▽
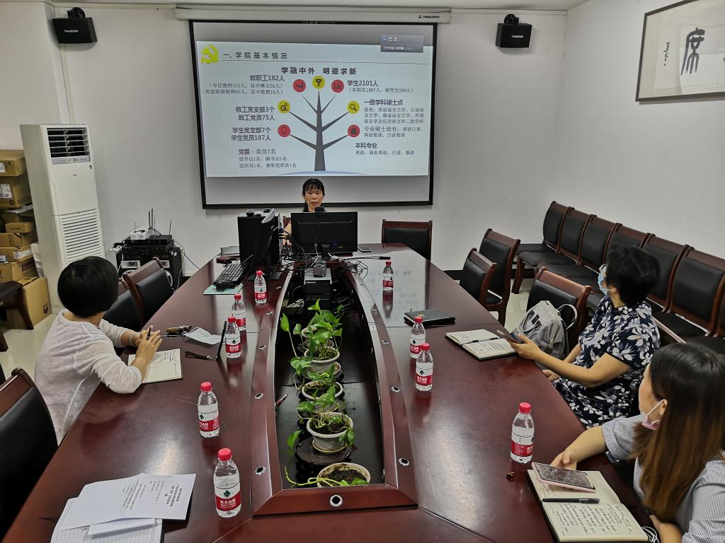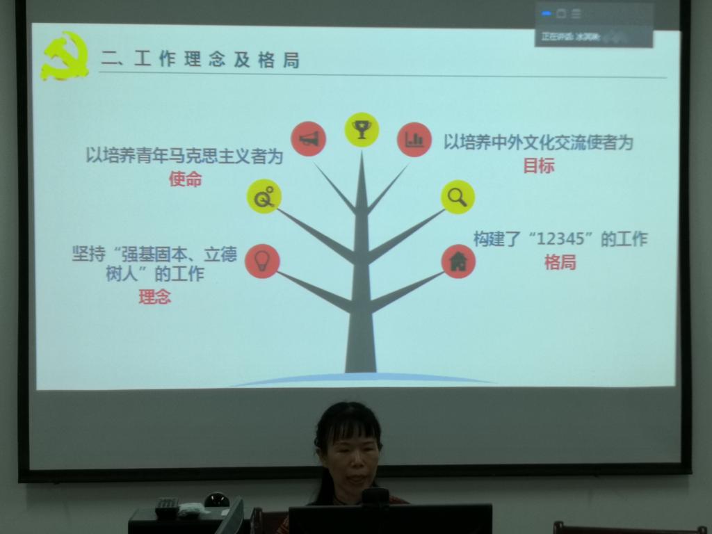 金山介绍了海南大学外国语学院的基本情况,分享了教学、科研、新冠肺炎疫情防控和迎接学生返校工作中的涌现出的先进党员的优秀事迹。
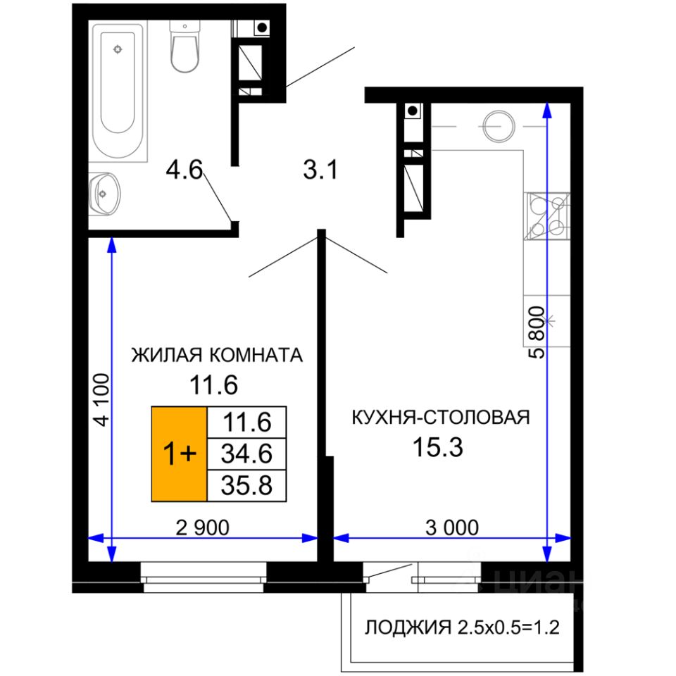 Общая площадь35,85 м²
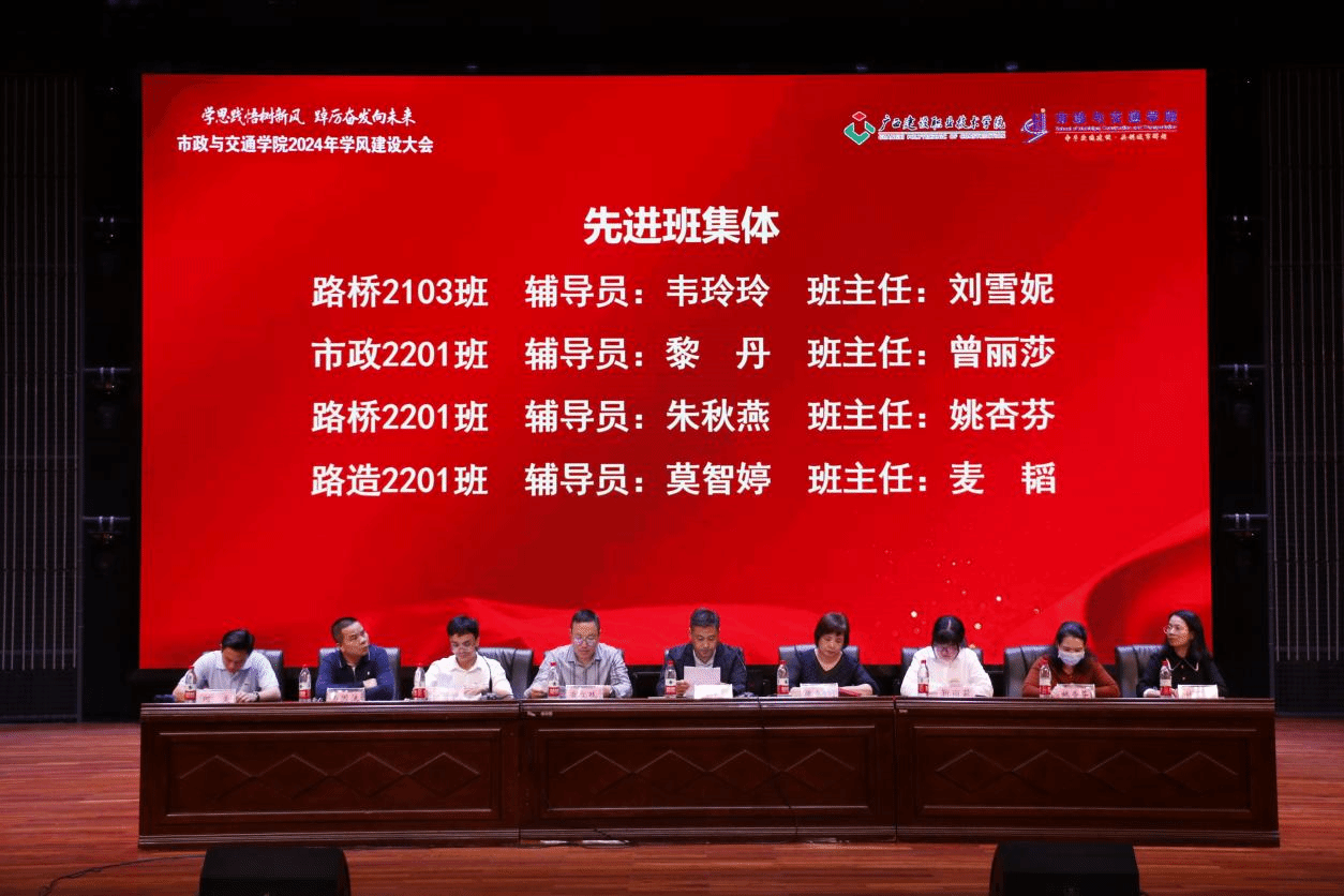 廣西建院3月28日訊(市政與交通學院 文/劉雪妮 圖/許大謙)為進一步加強市政與交通學院的學風建設,營造“比學趕幫超”的學習氛圍,助力大學生成長成才,市政與交通學院于3月26日下午在學校禮堂舉辦了“學思踐悟樹新風 踔厲奮發向未來”——2024年學風建設大會。市政與交通學院全體黨政領導、全體輔導員、專職教師,全體在校學生參加會議。會議由院長助理潘芳祿主持。
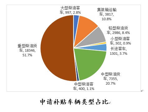 截止目前,本市已有6.6万辆国三柴油车登记申请报废,实际已完成报废4.69万辆,其中3.68万辆提出了补贴申请。从已申请补贴的车辆类型看,重型柴油货车占51.7%,中型柴油货车占20.7%,集装箱运输车占10.8%。从减排效益看,经初步测算,三类主要大气污染物VOCs、NOx和颗粒物的年减排量分别达到1242吨、6638吨和614吨,减排效果显著。从环境质量改善上看,截至9月23日,全市AQI优良率为85.8%,较去年同期上升2.3个百分点;PM2.5浓度为32.4微克/立方米,较去年同期下降6.9%;特别是与机动车污染排放密切相关的NO2浓度为34.4微克/立方米,较去年同期下降10.2%。
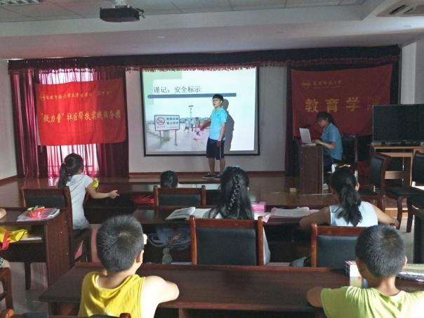 留守儿童由于从小缺少父母监管,在学习的自觉性和学习能力方面相对较差。在安庆市芭茅巷社区开展活动的过程中,实践服务团为帮助留守儿童解决在学习上的困难,给他们提供一个良好的学习氛围。服务团自7月8日起启动“暑假作业周”计划,每天上、下午进行两个课时(共计四个半小时)的免费暑期作业辅导。在作业辅导的过程中,实践服务团队员们也尽量与孩子们多沟通交流,了解各方面的情况。
△
What you have to do:
Give an exact copy of the material, leaving out every picture.

Written response:
 金山介绍了海南大学外国语学院的基本情况,分享了教学、科研、新冠肺炎疫情防控和迎接学生返校工作中的涌现出的先进党员的优秀事迹。
 Общая площадь35,85 м²
 廣西建院3月28日訊(市政與交通學院 文/劉雪妮 圖/許大謙)為進一步加強市政與交通學院的學風建設,營造“比學趕幫超”的學習氛圍,助力大學生成長成才,市政與交通學院于3月26日下午在學校禮堂舉辦了“學思踐悟樹新風 踔厲奮發向未來”——2024年學風建設大會。市政與交通學院全體黨政領導、全體輔導員、專職教師,全體在校學生參加會議。會議由院長助理潘芳祿主持。
 截止目前,本市已有6.6万辆国三柴油车登记申请报废,实际已完成报废4.69万辆,其中3.68万辆提出了补贴申请。从已申请补贴的车辆类型看,重型柴油货车占51.7%,中型柴油货车占20.7%,集装箱运输车占10.8%。从减排效益看,经初步测算,三类主要大气污染物VOCs、NOx和颗粒物的年减排量分别达到1242吨、6638吨和614吨,减排效果显著。从环境质量改善上看,截至9月23日,全市AQI优良率为85.8%,较去年同期上升2.3个百分点;PM2.5浓度为32.4微克/立方米,较去年同期下降6.9%;特别是与机动车污染排放密切相关的NO2浓度为34.4微克/立方米,较去年同期下降10.2%。
 留守儿童由于从小缺少父母监管,在学习的自觉性和学习能力方面相对较差。在安庆市芭茅巷社区开展活动的过程中,实践服务团为帮助留守儿童解决在学习上的困难,给他们提供一个良好的学习氛围。服务团自7月8日起启动“暑假作业周”计划,每天上、下午进行两个课时(共计四个半小时)的免费暑期作业辅导。在作业辅导的过程中,实践服务团队员们也尽量与孩子们多沟通交流,了解各方面的情况。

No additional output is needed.